# au second degré



## vlaparakob_italiurad

Ciao a tutti!
Mi trovo alle prese con la mia solita traduzione 

Volevo sapere se secondo voi "au second degré" possa significare anche "allusivo, sottinteso". 

Nella frase seguente ci si riallaccia alla parabola dei vignaioli omicidi, raccontata da Gesù anche come critica verso le autorità ebraiche del tempo:
"Message *au second degré*, la similitude s’inscrit dans le cadre de la vie de Jésus qui vient de franchir une nouvelle étape" (_étape_ che è appunto l'opposizione che suscita nelle autorità giudaiche)

Ciao e grazie! 

B.


----------



## matoupaschat

Au second degré = en deuxième analyse, sous-entendu, au sens caché . Scusa se te lo dico in francese, ma comincio a non fidarmi più di tanto dell'apparente semplicità di certe tue domande  .
Buona settimana .


----------



## Ruminante

Ciao, rieccomi qua, è troppo interessante per me questo testo. Ho trovato su risorse WR:
c'est à prendre au deuxième dégré - it is not to be taken literally
e su un altro forum, la miglior risposta a chi chiedeva cosa significa "prendre tout au deuxième dégré" è stata 
"Prendre au deuxième degré : lire entre les lignes ou l'interprêter à sa façon".
Matoupaschat ha dato come sinonimo, tra gli altri, "en deuxième analyse". Avendo studiato che "second" in francese si usa quando il secondo è anche l'ultimo, mi domando se non sia li' il legame con "in ultima analisi".
Qui nel testo, pero', "messaggio in ultima analisi" non mi suona. Forse il piu' adatto è il terzo sinonimo offerto da Matoupaschat, "au sens caché", cioè "messaggio dal significato nascosto", e di conseguenza forse anche "messaggio in codice...", o "messaggio con un doppio senso ? 
Per ora è tutto, vi saluto buonanotte, a presto
Salutations


----------



## vlaparakob_italiurad

Vi ringrazio matoupaschat (eh eh, spesso è nella semplicità che trovo le maggiori difficoltà) e Ruminante!


----------



## Ruminante

Buondi', ho fatto una piccola ricerca sperando di poter colmare una lacuna mia personale.
Ho trovato che “prendre au deuxième degré” ha come primo significato “leggere tra le righe", cioè intuire ciò che è sottinteso in uno scritto. Come renderlo con una semplice locuzione avverbiale? 
Nel mio dizionario Garzanti ho trovato un significato interessante per secondo, aggettivo numerale ordinale: "altro, nuovo (parlando di due cose o persone). Mi viene in mente: Messaggio con un secondo senso.; nel dizionario, tra gli esempi troviamo "avere un secondo fine = uno scopo nascosto, diverso da quello dichiarato". Messaggio dal senso nascosto? 
Nel forum francese-spagnolo c'è stata parecchia discussione su come tradurre au premier et au deuxième degré. Alcune proposte da cui trarre ispirazione, tradotte (alla bell'e meglio) in italiano: In una seconda dimensione, A un livello piu’ profondo, A un grado parallelo, Al di là della prima immagine, A una seconda lettura.
Messaggio con lettura parallela, messaggio dal significato nascosto, messaggio sottinteso o forse suona meglio "discorso sottinteso"...


----------



## matoupaschat

Ruminante said:


> Avendo studiato che "second" in francese si usa quando il secondo è anche l'ultimo, mi domando se non sia li' il legame con "in ultima analisi".
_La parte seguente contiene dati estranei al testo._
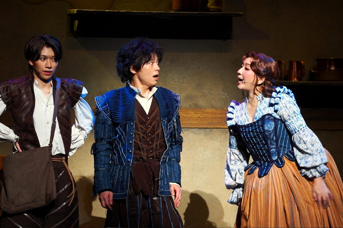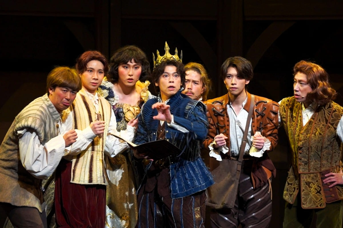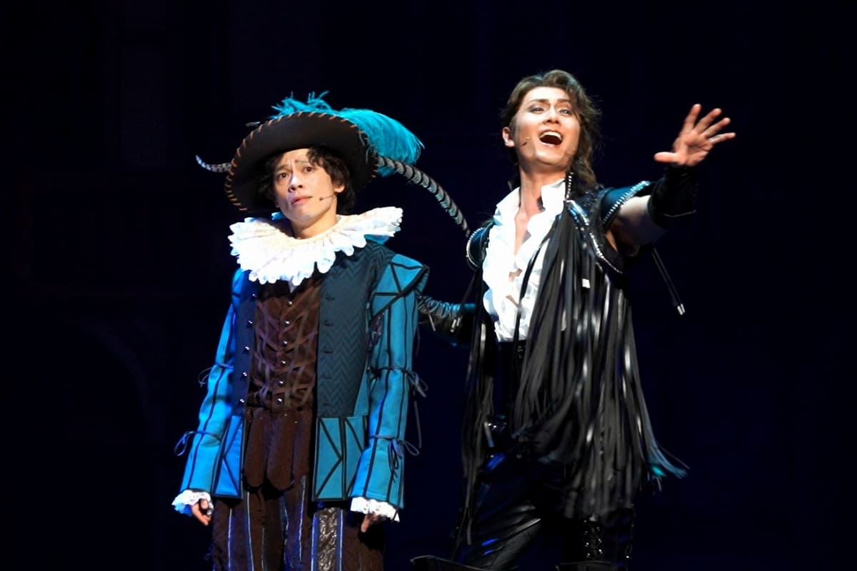 対する加藤和樹のシェイクスピアが登場すると、劇場の空気はさながらライブ会場に!革パンで包んだ長い脚を見せつけ、ウィンク一つで女性たちを失神させる。“ロックスター”としてのシェイクスピア像は、説得力が半端ではない。中川と加藤、タイプの異なる二人の「歌唱力お化け」が対峙するシーンは、火花散るコメディの戦場となっていた。二幕には驚きの変化も待っている。
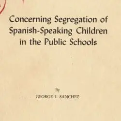 This item is the book “Concerning Segregation of Spanish-Speaking Children in the Public Schools” by George I. Sanchez found in Civil Action Case 1384, Herminio Hernandez, et. al. v. Driscoll Consolidated Independent School District, et. al. Several pages of this 39 page document are shown here. See the entire document in the National Archives online catalog.

Questo, l'ho già sentito dire . È una frottola che si insegnava tempo fa, verosimilmente dovuta al fatto che la 2a serie di numerali ordinali (premier, second) si interrompe lí mentre l'altra (---, deuxième, troisième, quatrième, etc.) fila verso l'infinito . Ecco quanto riportato dal CNRTL, dove anche si impara che, se posposto, _second_ equivale più o meno a _consécutif_ : 
*Rem. *_Second_ et _deuxième_ peuvent être empl. l'un à la place de l'autre, sauf dans les syntagmes figés, les loc. et les adj. numéraux ordinaux comp. (où _second_ n'est jamais empl.). _Second_ est plus utilisé dans la lang. soutenue, _deuxième_ dans la lang. cour. ou techn. Selon certains grammairiens, _second_ est préféré à _deuxième_ quand il n'y a que deux pers. ou deux choses qui sont considérées (les suites du type _premier, deuxième, troisième_... sont plus fréq. que les suites du type _premier, second, troisième_...). _Second_ est plus rare que _deuxième_ dans les suites strictement temp. ou spatiales.
*II. −* _Adj. postposé_. Qui découle, qui dérive d'une chose première, primitive. Synon. _secondaire_. _Sens second; loi, propriété seconde_. _L'ivresse musicale qui incorpore au néant divin l'espèce et l'homme confondus découvre au spectateur une réalité seconde absolument neuve_ (Faure, _Espr. formes_, 1927, p. 181). _Toutes les personnalités secondes que je nourris autour de mon personnage principal_ (Mounier, _Traité caract._, 1946, p. 715). ​Ed ecco qua sotto un passo de "Le bon usage" di Grevisse & Goossens :
b) 
Deux ordinaux ne viennent pas de cardinaux.
1° 
Premier, qui s’emploie d’ordinaire, unième ne servant que dans des ordinaux complexes : Vingt et unième.R3

2° 
Second [s(ə)gɔ̃], fém. seconde, surtout usité aujourd’hui dans la langue soignée. Deuxième est la forme ordinaire ; il est aussi le seul à former les ordinaux complexes (vingt-deuxième, etc.).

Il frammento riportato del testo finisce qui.